Aliases for CYP4F22 Gene
External Ids for CYP4F22 Gene
Previous GeneCards Identifiers for CYP4F22 Gene
This gene encodes a member of the cytochrome P450 superfamily of enzymes. The cytochrome P450 proteins are monooxygenases which catalyze many reactions involved in drug metabolism and synthesis of cholesterol, steroids and other lipids. This gene is part of a cluster of cytochrome P450 genes on chromosome 19 and encodes an enzyme thought to play a role in the 12(R)-lipoxygenase pathway. Mutations in this gene are the cause of ichthyosis lamellar type 3. [provided by RefSeq, Jul 2008]
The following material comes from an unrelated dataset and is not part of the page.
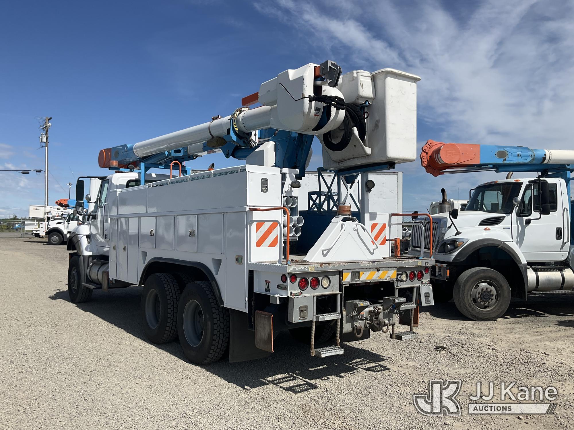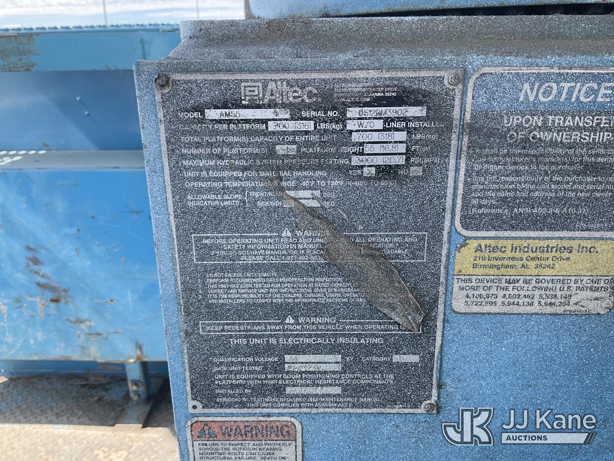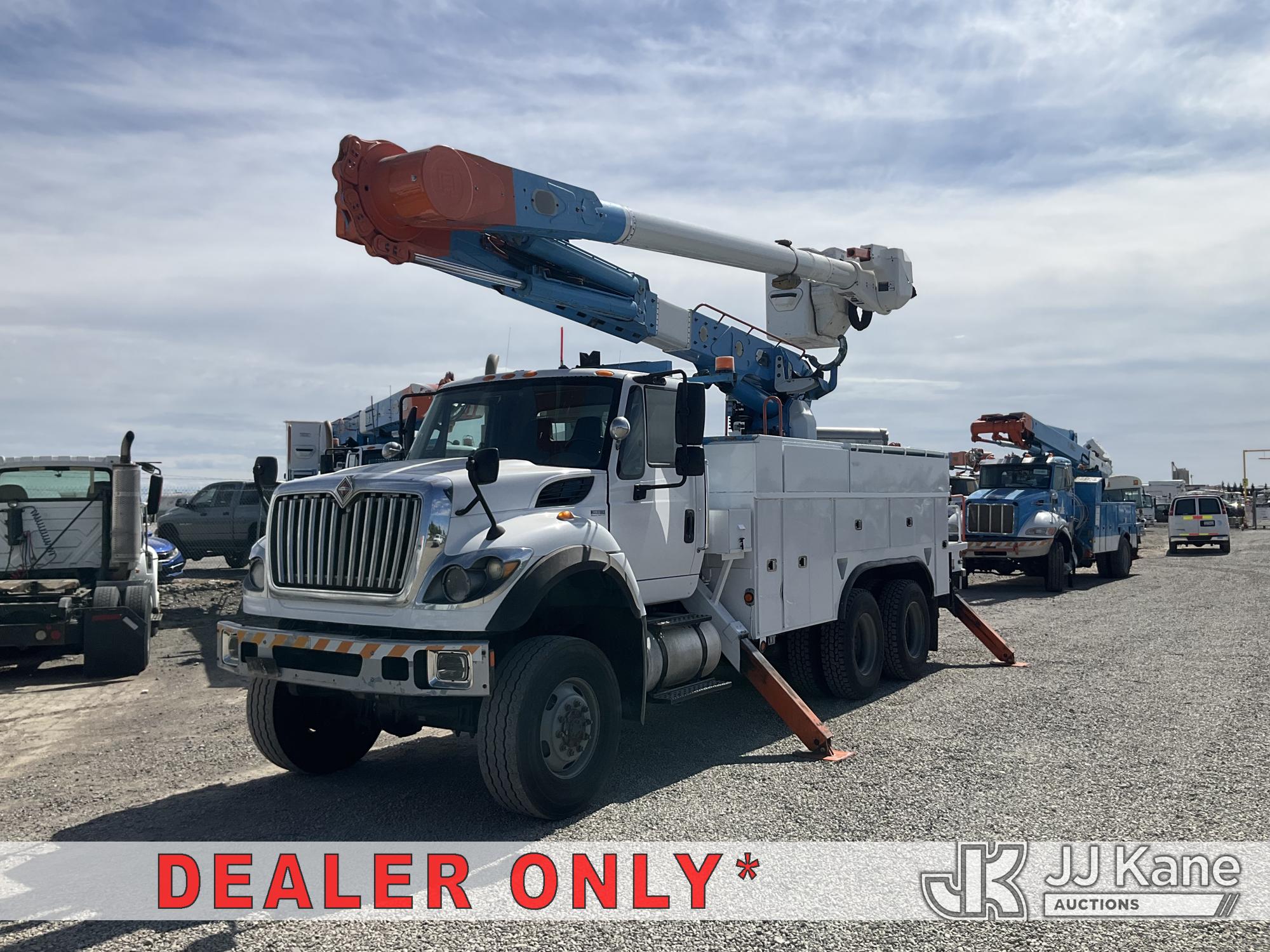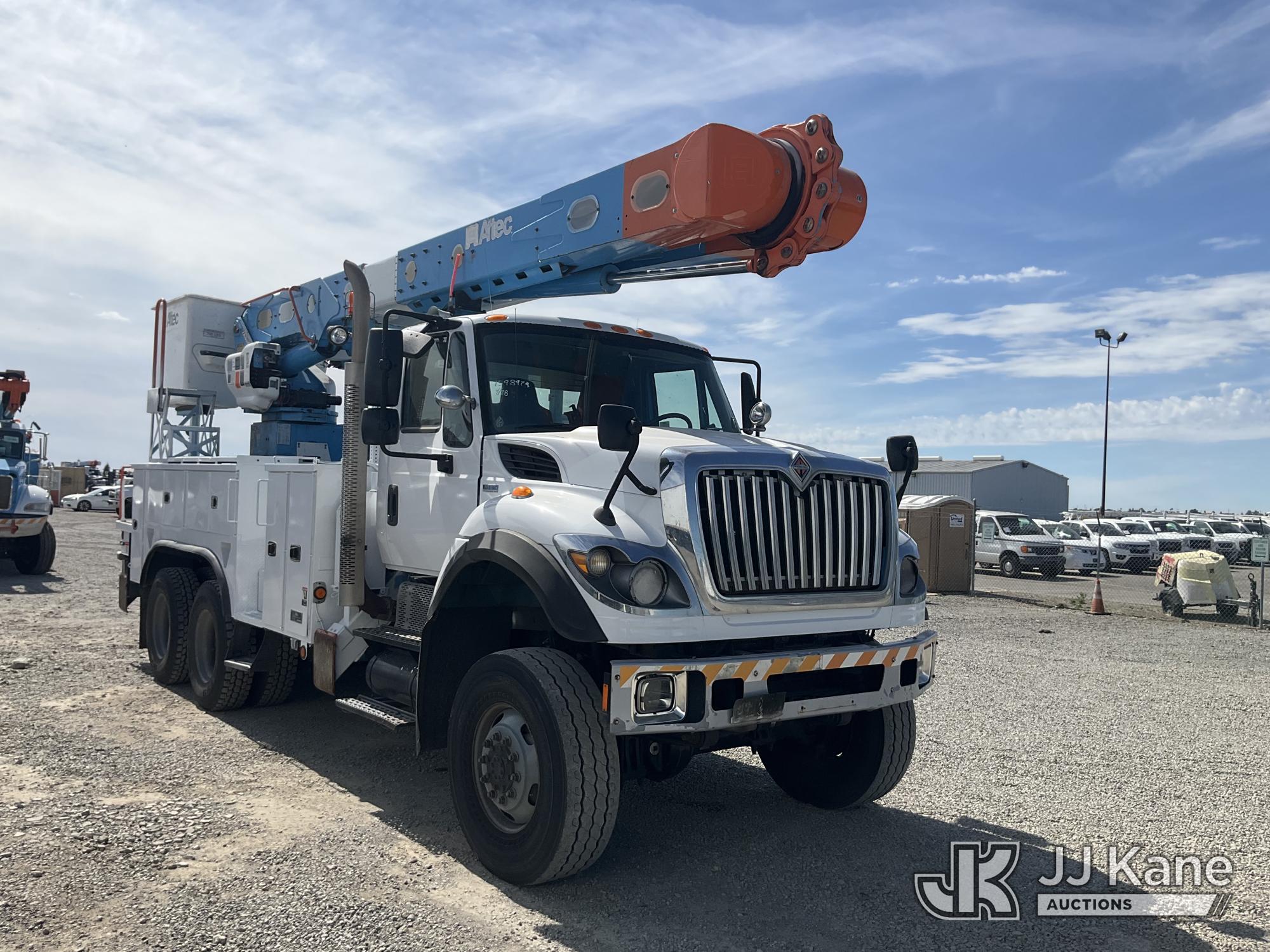 Altec AM55, 60 ft, Over-Center Material Handling Bucket Truck s/n 0512DM3902, with two-man bucket & 4 hyd outriggers, center mounted on 2013 International 7500 T/A Utility Truck, s/n 1HTWWAZT6DJ162553, 9.3L L6 6X6, DIESEL, A/C, with winch, spotlight, pintle hitch, (105,311 miles) (Runs, Moves & Upper Operates, Check Engine Light) (Reads 8,948 hours) (Bidding Restricted to Licensed Vehicle Dealers Only), May be subject to ARB Regulations This is a Titled Item*

GeneCards Summary for CYP4F22 Gene
CYP4F22 (Cytochrome P450 Family 4 Subfamily F Member 22) is a Protein Coding gene. Diseases associated with CYP4F22 include Ichthyosis, Congenital, Autosomal Recessive 5 and Autosomal Recessive Congenital Ichthyosis. Among its related pathways are Cytochrome P450 - arranged by substrate type and Arachidonic acid metabolism. Gene Ontology (GO) annotations related to this gene include iron ion binding and oxidoreductase activity, acting on paired donors, with incorporation or reduction of molecular oxygen. An important paralog of this gene is CYP4F3.
UniProtKB/Swiss-Prot Summary for CYP4F22 Gene
A cytochrome P450 monooxygenase involved in epidermal ceramide biosynthesis. Hydroxylates the terminal carbon (omega-hydroxylation) of ultra-long-chain fatty acyls (C28-C36) prior to ceramide synthesis (PubMed:26056268). Contributes to the synthesis of three classes of omega-hydroxy-ultra-long chain fatty acylceramides having sphingosine, 6-hydroxysphingosine and phytosphingosine bases, all major lipid components that underlie the permeability barrier of the stratum corneum (PubMed:26056268). Mechanistically, uses molecular oxygen inserting one oxygen atom into a substrate, and reducing the second into a water molecule, with two electrons provided by NADPH via cytochrome P450 reductase (CPR; NADPH-ferrihemoprotein reductase) (PubMed:26056268).